During the First World War he commanded the 7th Field Company, Royal Australian Engineers and was promoted lieutenant colonel in March 1916, after which he commanded the 2nd Australian Pioneer Battalion. Mentioned in despatches four times and awarded a Distinguished Service Order (December 1916) and bar (October 1918), he returned from the war to command the Citizen Military Force's 15th Battalion. The citation for his bar, gazetted in December 1919, reads:

On Montbrehain, east of Peronne, on 5th October, 1918, in charge of a pioneer battalion, he succeeded in carrying out a very difficult relief in pitch darkness. A few hours after this he ably carried out a flanking movement to the attack on the town of Montbrehain, driving back the enemy and ensuring a defence which proved to be unbreakable. His reconnaissances had to be carried out under heavy shell fire. He showed rare qualities of leadership.
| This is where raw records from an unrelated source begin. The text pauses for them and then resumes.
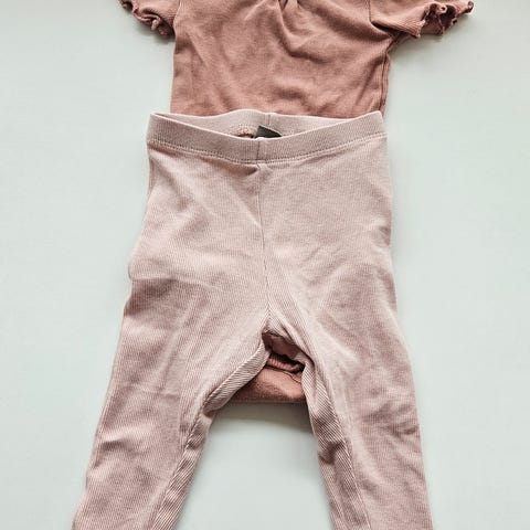 3 flotte bukser fra Wheat i str.68, 74 og 80. 100% bomull. Den blomstrete har hatt et tynt bånd i livet, men man ser ikke på buksen at noe mangler. Strikk i livet holder buksen på plass.
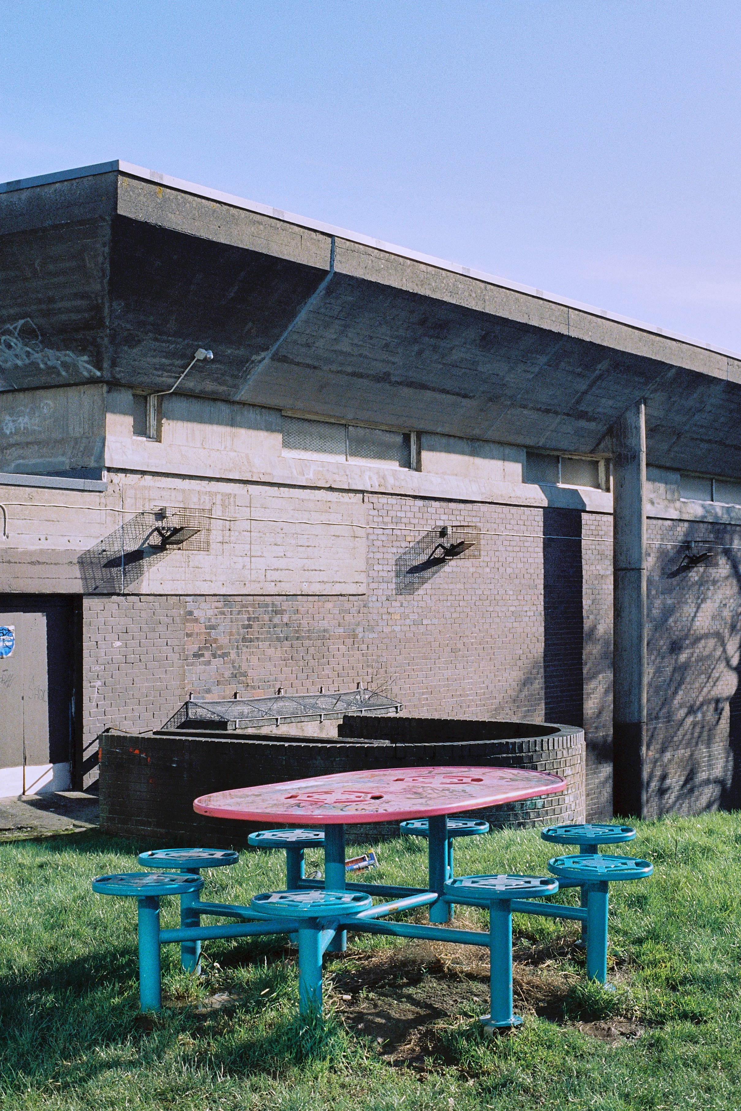 I like the bright colours of the skate park picnic table versus the brutalist back wall of Universal Connections, a youth, family and community learning service. As you can see they have abolished the tiny windows, abolishing windows now seems standard in central scotland.
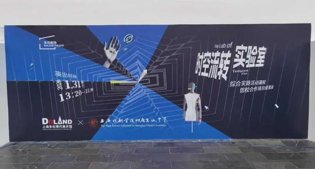 “时空流转实验室”是上海多伦现代美术馆与上海戏剧学院附属高级中学于2025年11月正式启动的馆校合作综合实践项目。项目以上海多伦现代美术馆展览 “重新发现时间一一第二届中国当代影像艺术年鉴展”为创作起点,通过当代剧场的形式对展览议题进行延展;也作为上海戏剧学院附属高级中学综合实践课程“关于艺术展览的当代剧场‘再创作’实践研究”的核心案例,将美术馆公共空间转化为动态的学习与演绎场域,引导学生从当代影像艺术与“时间”这核心主题出发,通过当代剧场的方式,对展览议题进行再思考、再表达。
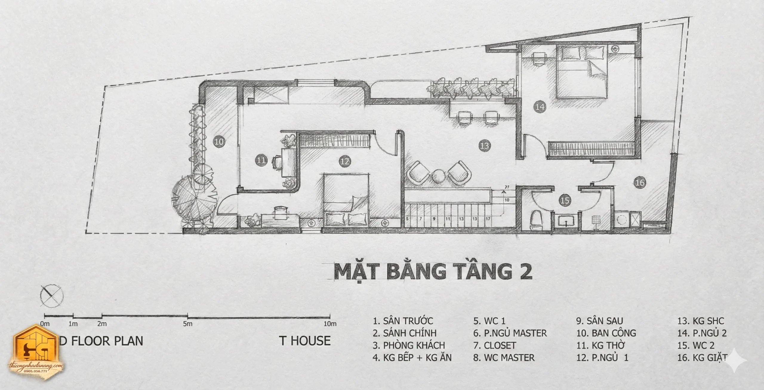 - Vật liệu Chống Nóng Mái: Mái được xử lý bằng hệ thống chống nóng (gạch block, lớp cách nhiệt PU/XPS) kết hợp với mái dốc hoặc mái bằng có lớp vật liệu phản xạ nhiệt, giảm thiểu tối đa nhiệt lượng truyền xuống tầng 2.
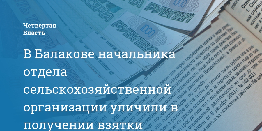 В Балакове начальника отдела сельскохозяйственной организации уличили в получении взятки
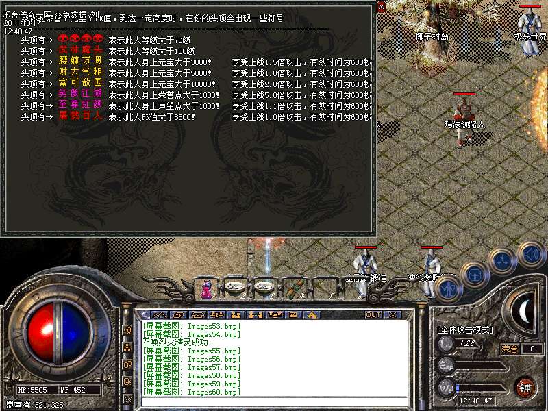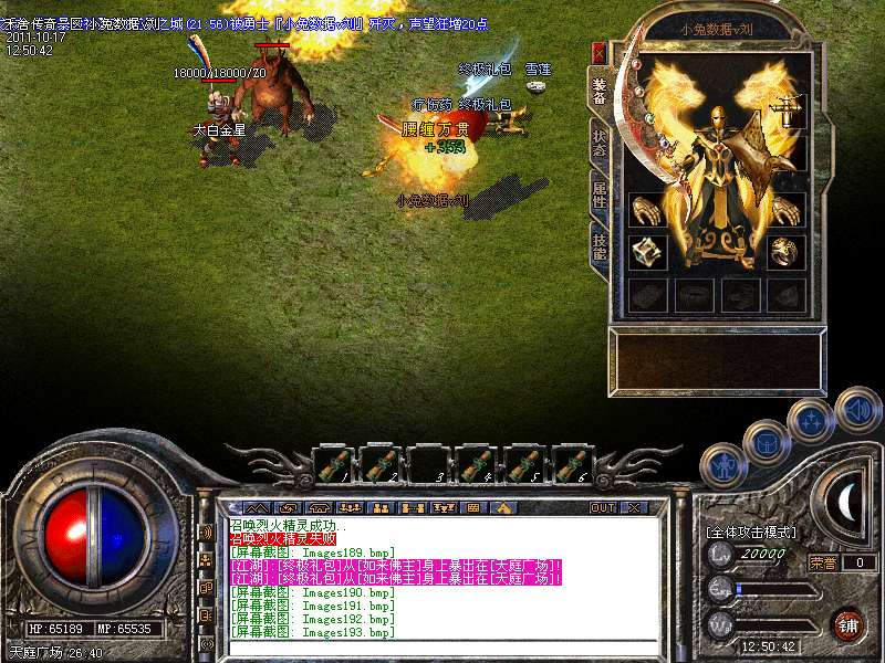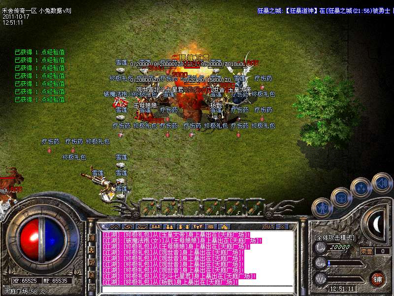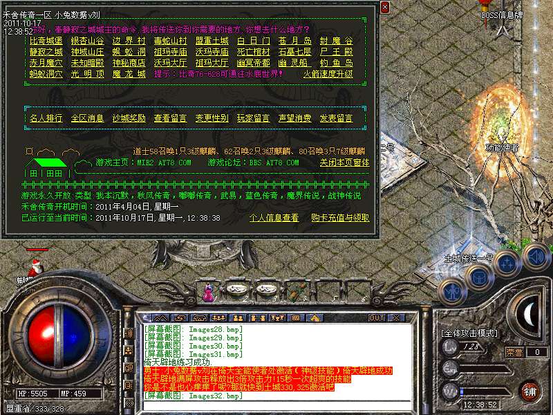 公告:快速升级可到丛林迷宫或潜龙峡谷烧蜘蛛,丛林迷宫蜘蛛较多,道士68级召唤麒麟神兽1只。法师可诱惑蚂蚁类怪物当BB!
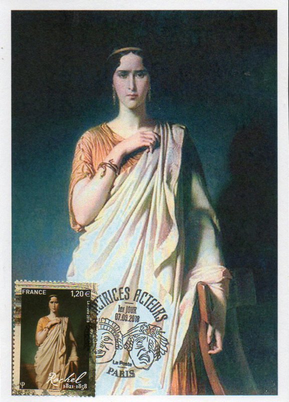 Élisabeth-Rachel FELIX, dite Rachel ou Mlle Rachel, est une tragédienne, née le 21 fév.1821 à Mumpf (Suisse) et décède le 3 janv.1858 au Cannet (06-Alpes-Maritimes), elle fut un modèle pour Sarah Bernhardt. Elle a vécu une partie de sa jeunesse à Hirsingue (68-Ht-Rhin). Après avoir chanté, récité et mendié dans les rues des villes que ses parents traversent avant leur arrivée à Paris. Élisabeth-Rachel FELIX suit les cours d'Alexandre-Étienne Choron (1771-1834, musicologue et théoricien de musique) et de Pierre-Jacques Porlier-Pagnon, dit Saint-Aulaire (1793-1864, acteur et 240e sociétaire de la Comédie-Française), et prend quelques cours d'art dramatique au Conservatoire. Pour subvenir aux besoins de sa famille, elle débute en janv.1837 au théâtre du Gymnase. Charles-Gaspard Poirson, dit Delestre-Poirson (1790-1859, auteur dramatique et directeur), lui fait prendre comme nom de scène "Rachel", qu'elle adopte également dans sa vie privée. Auditionnée en mars 1838, elle entre au Théâtre-Français à l'âge de 17 ans, son succès est immédiat. Elle débute dans le rôle de "Camille, soeur d'Horace", dans la pièce "Horace" de P. Corneille (créée en1640). Alors qu'elle débute analphabète, son interprétation des héroïnes des tragédies la rendent célèbre et adulée, et remettent à la mode la tragédie classique, face au drame romantique. Elle créa un modèle nouveau d'actrice et de femme et fut une des femmes les plus célèbres de son siècle. Elle fut ainsi portraiturée, entre autres, par Jean-Auguste Barre, dit Auguste Barre (1811-1896, sculpteur, médailleur et 20e graveur de monnaies).
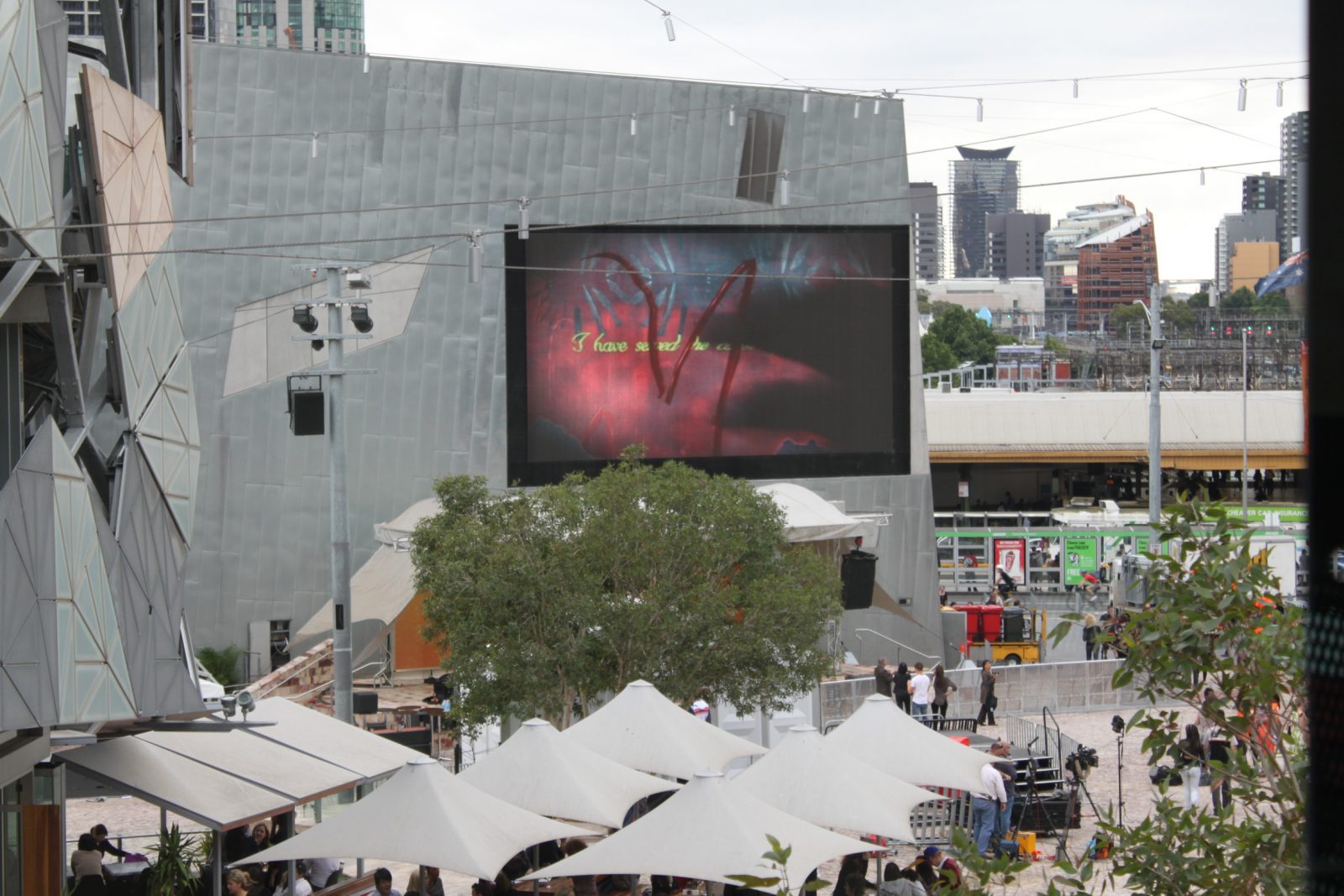 In December 2010, Aphids launched the Exile iPad app, hosting supporters in an exclusive event at Fed Square to celebrate the occasion. Attendees enjoyed sacrificial-inspired dishes prepared by Aphids’ organic catering sponsors Fresh Fork, and beverages by Mad Fish Fine Wines and Moritz. EXILE went live to iTunes on the 10th of December with featured previews of the EXILE App animated interactive experience illuminating Fed Square atrium and courtyard screens.

Promoted to colonel in 1926, he retired from active service in May 1932.

==Public life==
A councillor and mayor (1924) of Hamilton, in 1925 Annand was appointed town clerk of Greater Brisbane. He resigned in 1931 in frustration after disputes with A. E. Moore's government and returned to the Building and Banking Company, of which he was elected director. He was president of the local Young Men's Christian Association, the Brisbane Rotary Club and deacon of the City Congregational Church.

==Later life==
Annand died on 22 June 1958 at Ascot. He was buried in a family grave at Toowong Cemetery on 23 June 1958. His son Douglas Annand was a well-known artist.

== Legacy ==
Frederick Annand Park at 53 Milburn Street at Chermside West was named after him.